ICM Registry has asked ICANN to set aside the views of thousands of naysayers and approve the porn-only .xxx top-level domain as soon as possible.

The company has sent three documents to ICANN today, two of which set out ICM’s position in the same firm tone that has characterized its previous missives.

Basically: no more delays, your only option here is to get back into contract talks now.

I would say ICM is drawing a line in the sand, but ICM has drawn so many lines in the sand recently it’s beginning to look like a game of beach tic-tac-toe (which, visualizing it, is kinda appropriate).

The third document is a post-game summary of ICANN’s recently closed comment period on the .xxx application, which attracted record comments. That’s written by former ICANN public participation wonk Kieren McCarthy and is more measured in tone.

ICM president Stuart Lawley believes that the thousands of copy-paste comments from US-based anti-porn Christian groups can be safely ignored. I get the impression ICANN will probably agree.

The volume of comments on an entirely irrelevant issue – that is, the content of websites on the Internet – was one of the original reasons this process went off the rails.
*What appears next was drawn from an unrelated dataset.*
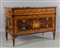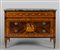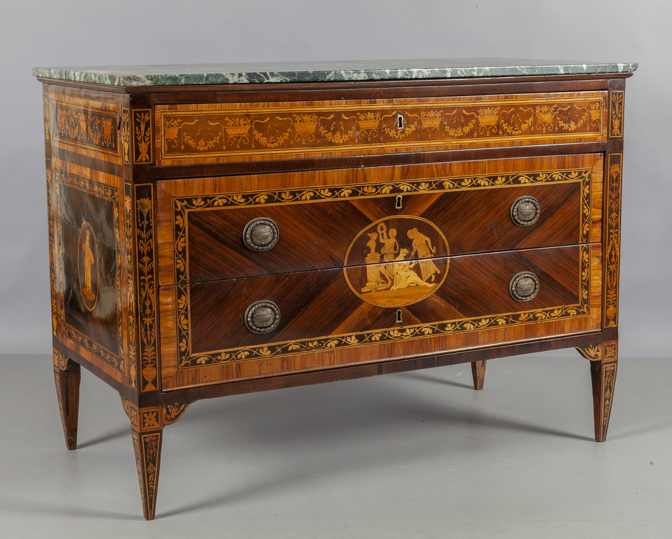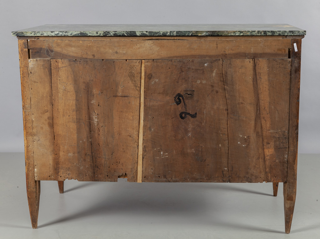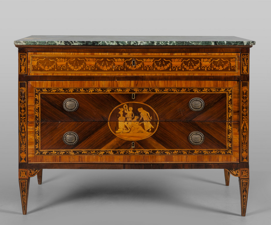 Comò Luigi XVI a due cassetti senza traverse e un cassetto sottopiano lastronato e finemente intarsiato con medaglioni centrali piano in marmo verde Alpi Lombardia II metà sec.XVIII

ICANN should not repeat its earlier mistakes and pander to those interests.

Given that a substantial number of comments came from the porn industry itself, notably the Free Speech Coalition, Lawley wrote that “debate about community support is no longer appropriate”.

ICM’s on shakier ground here than with the Christians. A TLD for a sponsored community that is unequivocally hated (NSFW) by a vocal part of that community can’t look good.

But the FSC, along with the Adult Entertainment Broadcast Network, one of its members, “represent only a small fraction of the adult industry”, Lawley claimed.

Over 100,000 .xxx domains have been pre-registered over the last five years and several hundred of these people sent ICM’s copy-paste letter to ICANN. ICM says this indicates adult industry support, though I think that’s a less than watertight argument.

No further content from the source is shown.